Тот пристально посмотрел в его взволнованное лицо, рассмеялся и протянул ему маленькую руку в серой лайковой перчатке.

— Бросьте, Рылеев! — веселой скороговоркой сказал он, — это все так, пустяки! Прощайте!

Карета, переваливаясь с боку на бок, потащилась прочь по влажной колее. Кондратий Федорович стоял на дороге, покуда они не скрылись, потом медленно, оставив своих горячо споривших друзей, пошел обратно на полянку. Он нашел большую березу, в которую попала выпущенная в него пуля, и долго водил рукою по теплому шероховатому стволу.

Они никогда больше не виделись, но потом писали друг другу и в письмах наконец перешли на «ты». Александр Сергеевич написал о нем недавно Саше Бестужеву: «Очень знаю, что я учитель Рылеева в стихотворном языке, но он идет своею дорогою. Он в душе поэт. Я опасаюсь его не на шутку и жалею очень, что его не застрелил, когда имел тому случай — да черт его знал. Жду с нетерпением «Войнаровского» и перешлю ему все свои замечания. Ради Христа! чтоб он писал — да более, более!» «Видишь, он ценит в тебе поэта! — восклицал Саша. — Видишь! А ты говорил!»

Рылеев задул свечу, стал на колени посреди камеры и начал молиться. Он молился горячо, как никогда. Он молился, чтобы можно было ему вернуться в тот весенний день, в Батово, чтобы подольше остаться в нем, он молился за Наташу, за Настиньку, за Пушкина. Он молился о том, чтобы снова увидеть эти березы, чтобы услышать эту птицу, чтобы все повторилось снова, и тогда, только тогда он будет знать, как поступать правильно, и только тогда наконец будет совершенно счастлив…

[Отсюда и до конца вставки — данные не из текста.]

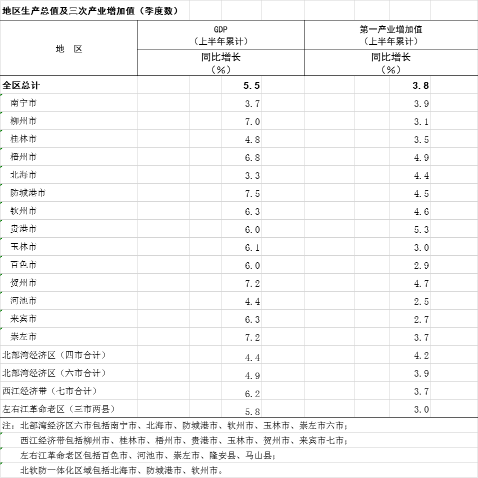 2025年上半年广西分市分区域地区生产总值及三次产业增加值(季度数)
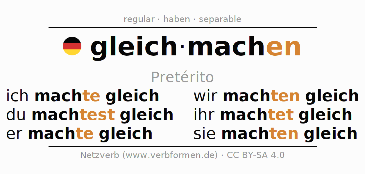 Este verbo gleichmachen (igualar, nivelar) se conjuga en pretérito de la siguiente manera: ich machte gleich, du machtest gleich, er machte gleich, wir machten gleich, ihr machtet gleich, sie machten gleich
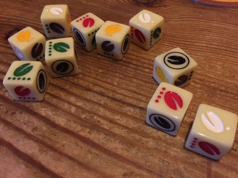 In VivaJava: The Coffee Game: The Dice Game you are competitive brewers, trying to impress your employer (VivaJava) the most with your brewing skills and picking up performance points (PP) for doing so. How that translates to play is rolling dice, and pushing your luck.
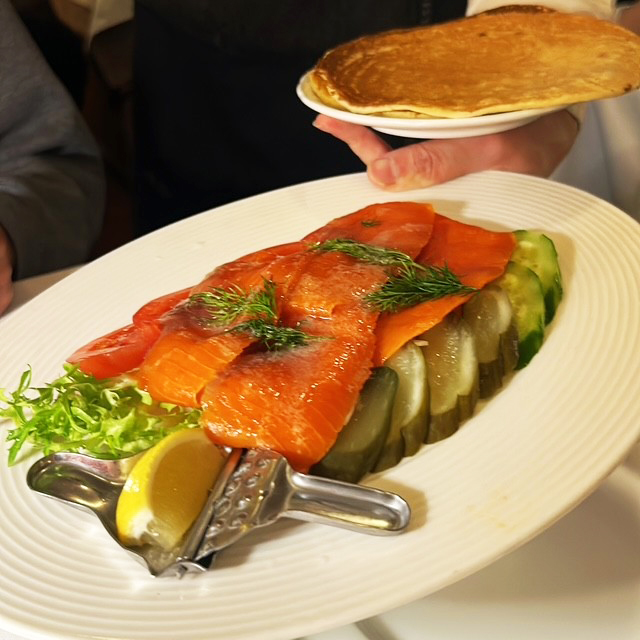 大皿に美しく盛り付けられたサーモンマリネをふんわり柔らかな薄焼きのパンケーキにサワークリームと一緒に巻いていただく一品が食前酒によく合う。
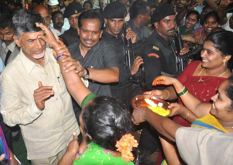 Women extending warm welcome to Chandrababu Naidu by offering Harati and applying tilakam at Ayyappa Swamy temple in Jangareddygudem of West Godavari dist on Wednesday.
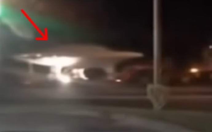 Kísért egy teherautót, amely a légierő felé szállt az alap nem más, mint egy fényes “repülő csészealj”. kamionos, a konvojált UFO-t a videóban forgatva kénytelen volt megállni kereszteződés, hogy kihagyja a villogó szirénautók autópályáját rendészeti tisztviselők.
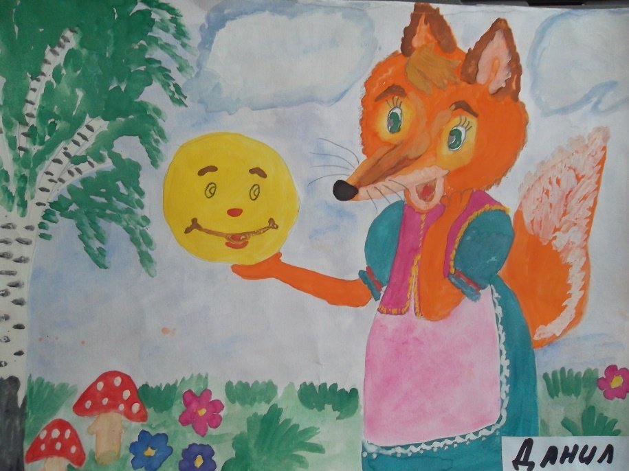 Детские рисунки лиса и Колобок
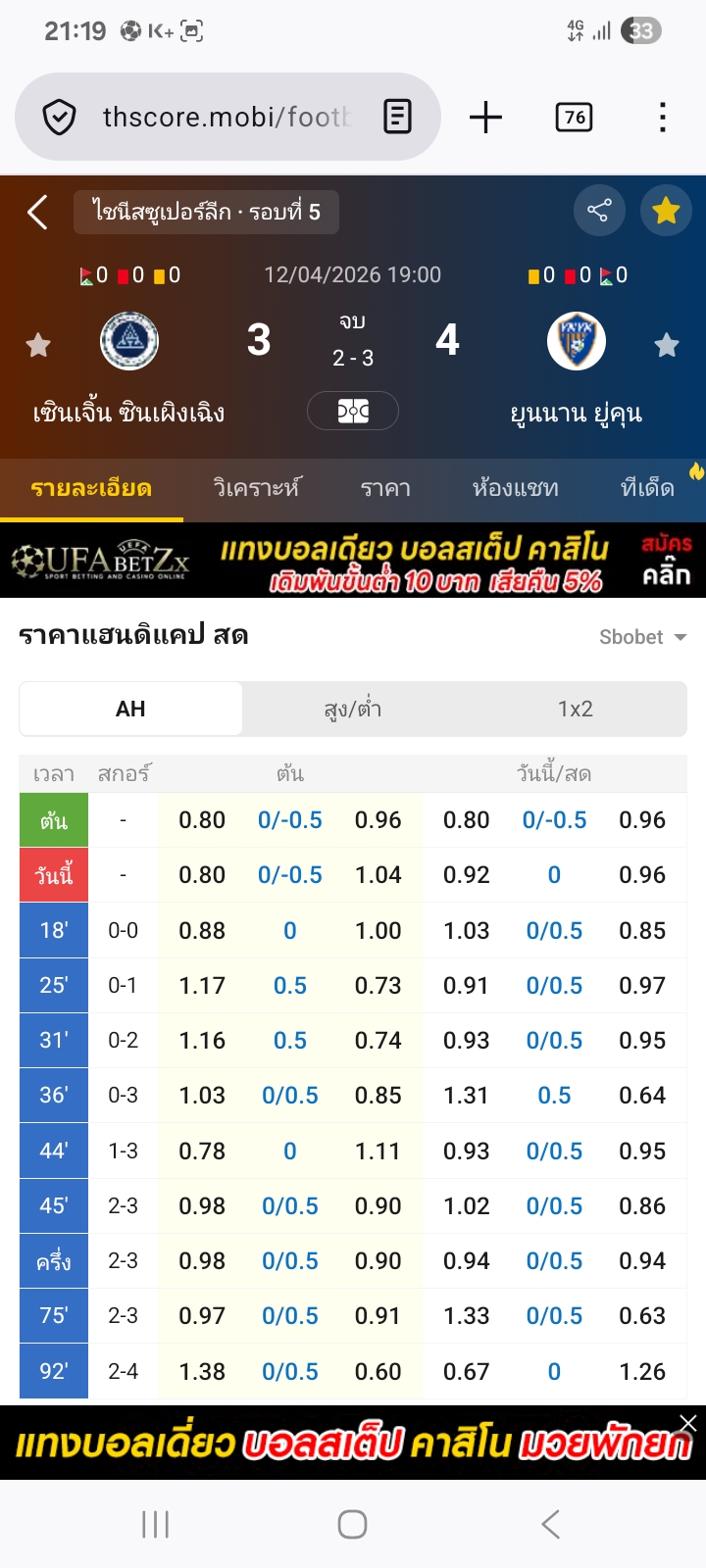 12 เม.ย. 2026,19:00 เซินเจิ้น ซินเผิงเฉิง VS ยูนนาน ยู่คุน เสมอทีมเยือน⭕ได้เต็ม3-4
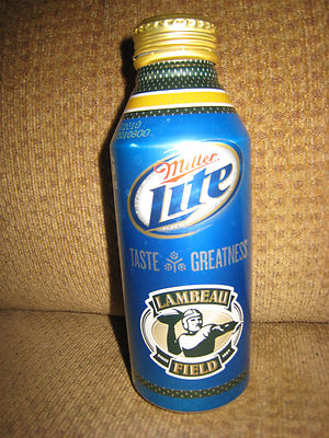 Title (ebay affiliate link): Empty Miller Lite Aluminum Beer Bottle; Lambeau Field on Front;Green Bay Packers
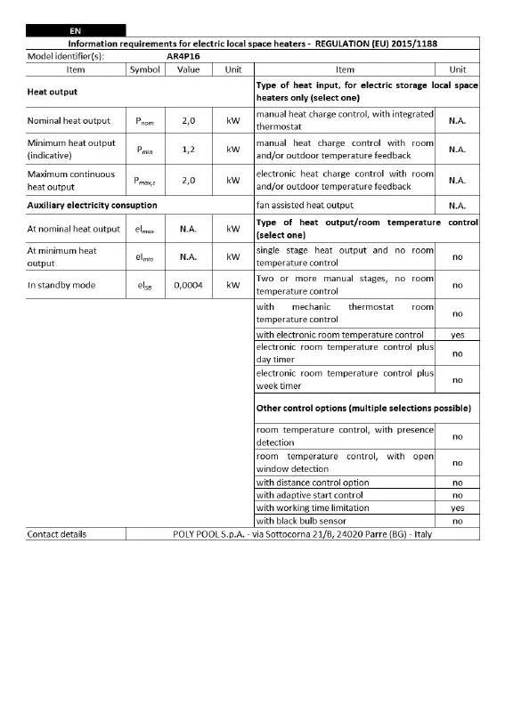ARDES AR4P16 - Technical Data and Compliance; Heat Output Specifications; Room Temperature Control Options
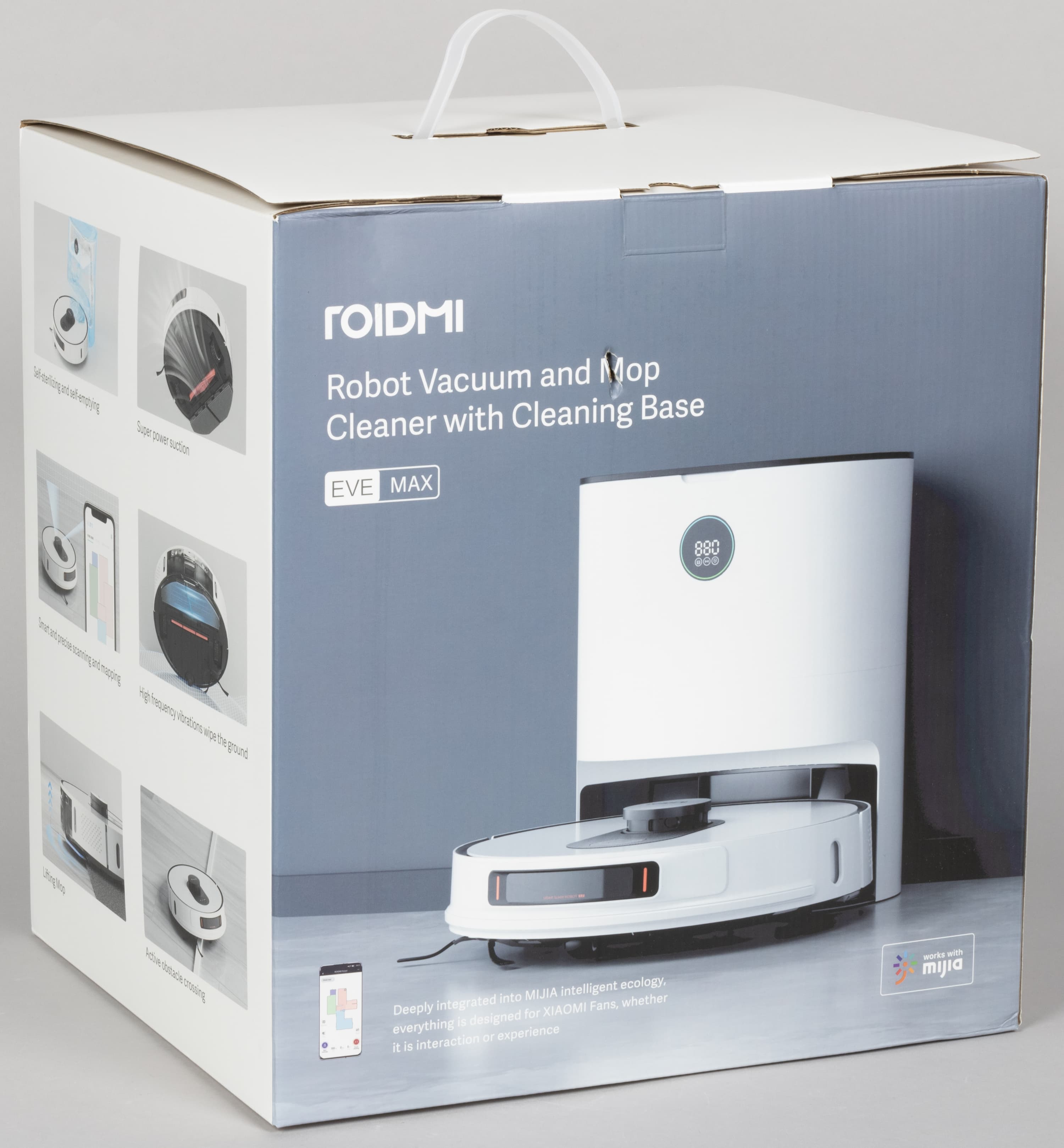 Робот-пылесос Eve Max — новая модель, выпущенная под брендом Roidmi (суббренд Xiaomi). Данное устройство предназначено для автоматизированной сухой и полуавтоматизированной влажной уборки. То есть собирать пыль и сбрасывать ее в «базу» пылесос будет самостоятельно, а вот влажная уборка потребует некоторого внимания пользователя: доливать воду и мыть салфетки придется ему самому.

ВИЛЬГЕЛЬМ КАРЛОВИЧ КЮХЕЛЬБЕКЕР (из собственных показаний), ФЕВРАЛЬ

…В продолжение моей бурной и несчастливой жизни я не раз подвергал ее опасности для спасения — не того, что теперь перед лицом Бога и чуждый светских предрассудков называю честию — но для выручки того даже, чему приличие, суетность и тщеславие дали сие священное имя. Между тем, тогда представлялись мне вдали и надежды, и желания и обольщения, я еще не отчаивался в счастии. Теперь же, чего мне ждать? Чего желать? Чего надеяться? Сверх того, милосердный Бог приник ко мне своею неиссякаемою любовью; он услышал вопль сердца моего: «Господи, помози моему неверию!» В глубине души моей рождается живое упование на другую, лучшую жизнь — и да не вниду в нее, обремененный лжесвидетельством!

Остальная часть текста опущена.